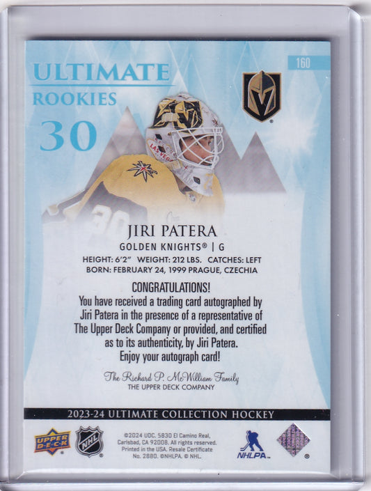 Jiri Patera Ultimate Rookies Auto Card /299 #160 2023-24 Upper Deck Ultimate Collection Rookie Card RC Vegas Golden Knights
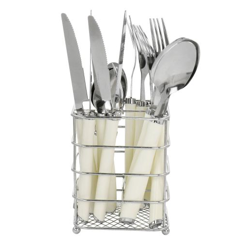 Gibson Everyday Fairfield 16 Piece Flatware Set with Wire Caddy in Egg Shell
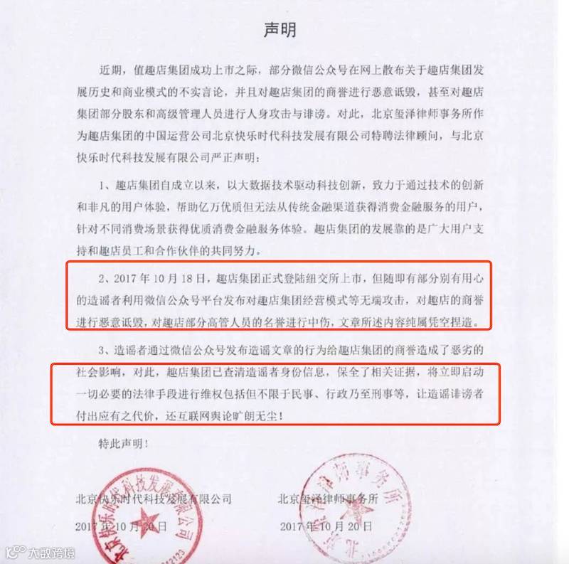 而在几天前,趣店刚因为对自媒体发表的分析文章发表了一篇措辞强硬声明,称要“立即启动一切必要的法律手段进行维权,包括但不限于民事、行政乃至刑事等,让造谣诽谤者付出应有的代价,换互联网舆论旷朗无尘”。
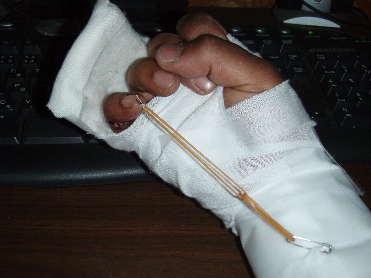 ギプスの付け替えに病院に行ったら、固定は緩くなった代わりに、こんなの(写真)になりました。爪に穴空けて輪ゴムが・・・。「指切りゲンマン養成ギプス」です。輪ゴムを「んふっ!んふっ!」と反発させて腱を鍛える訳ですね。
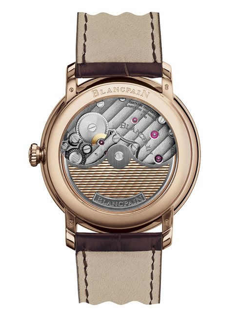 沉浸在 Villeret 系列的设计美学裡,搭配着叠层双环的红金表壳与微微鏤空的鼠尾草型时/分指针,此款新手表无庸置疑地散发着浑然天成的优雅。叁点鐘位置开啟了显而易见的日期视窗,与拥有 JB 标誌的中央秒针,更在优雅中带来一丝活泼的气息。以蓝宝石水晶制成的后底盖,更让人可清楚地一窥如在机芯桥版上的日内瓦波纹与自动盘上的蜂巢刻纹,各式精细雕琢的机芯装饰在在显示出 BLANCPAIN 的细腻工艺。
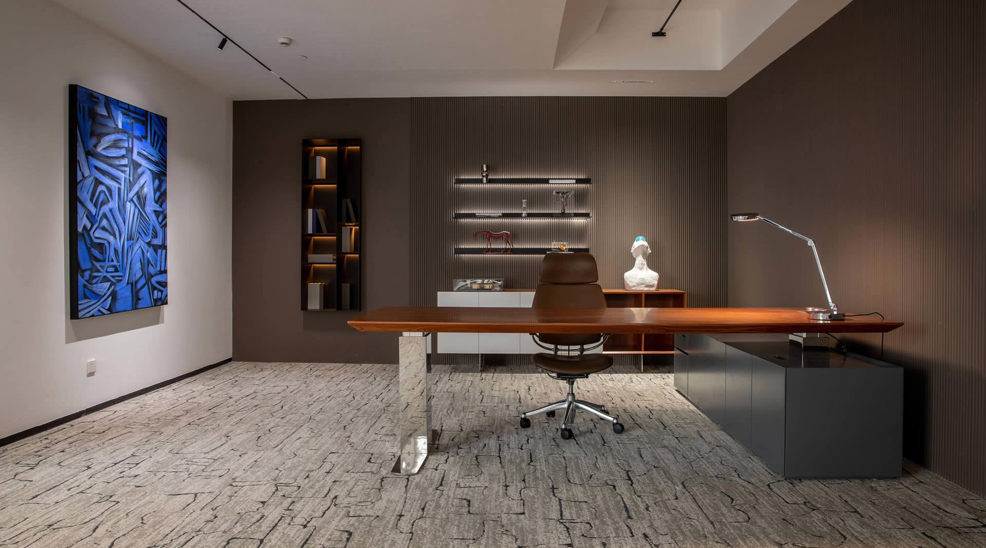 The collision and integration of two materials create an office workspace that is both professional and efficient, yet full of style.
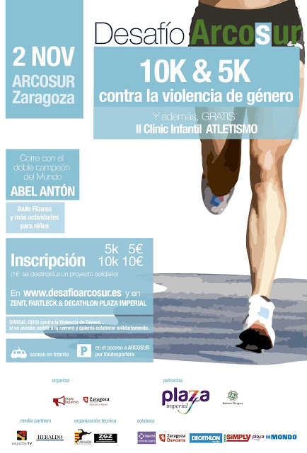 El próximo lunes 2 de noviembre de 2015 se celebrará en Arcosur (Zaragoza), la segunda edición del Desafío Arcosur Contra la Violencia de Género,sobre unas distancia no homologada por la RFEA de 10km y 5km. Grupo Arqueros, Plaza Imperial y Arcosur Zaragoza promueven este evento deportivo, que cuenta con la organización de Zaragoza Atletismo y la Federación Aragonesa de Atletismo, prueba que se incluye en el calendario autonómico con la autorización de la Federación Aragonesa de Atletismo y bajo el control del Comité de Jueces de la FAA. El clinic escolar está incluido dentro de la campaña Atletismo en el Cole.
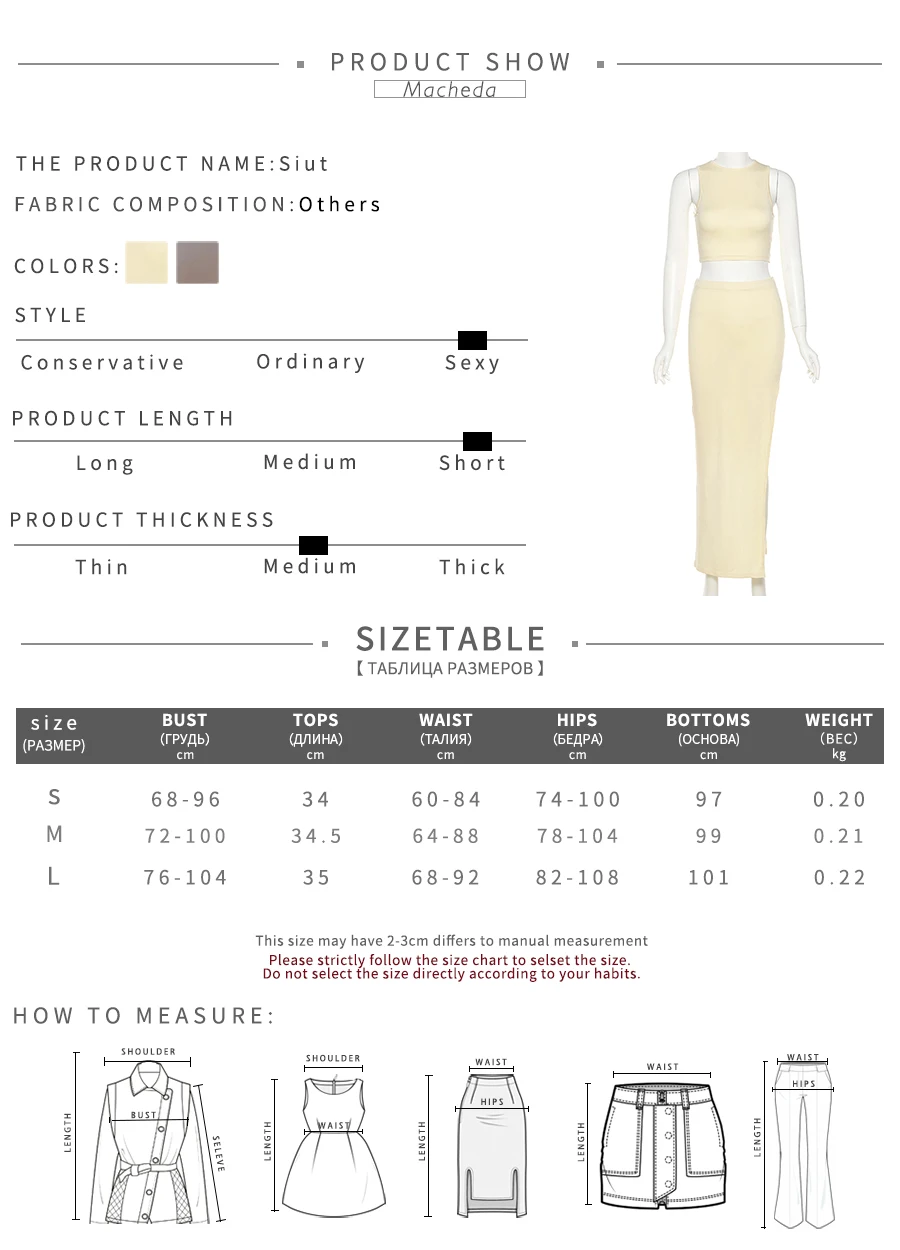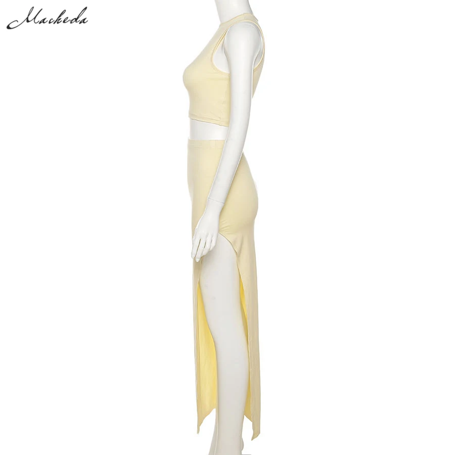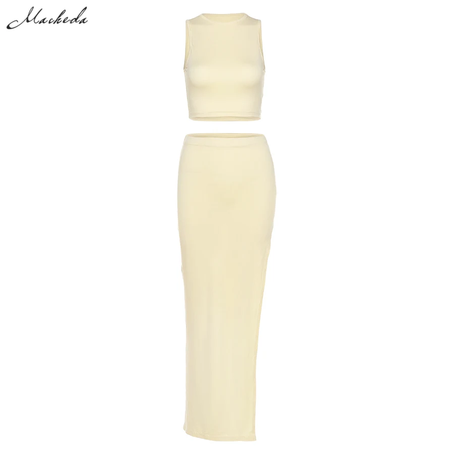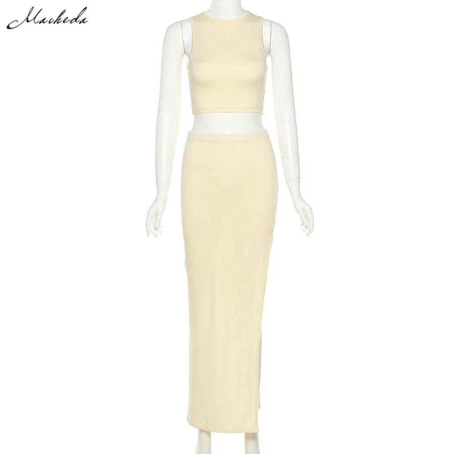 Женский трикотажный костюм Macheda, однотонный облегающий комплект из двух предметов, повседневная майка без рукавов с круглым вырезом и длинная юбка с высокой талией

+ + + + + + +

Your instructions:
Quote the records above exactly, from the first line through the line containing "Gibson Everyday Fairfield", and leave out the pictures.

Output of the exercise:
 Jiri Patera Ultimate Rookies Auto Card /299 #160 2023-24 Upper Deck Ultimate Collection Rookie Card RC Vegas Golden Knights
 Gibson Everyday Fairfield 16 Piece Flatware Set with Wire Caddy in Egg Shell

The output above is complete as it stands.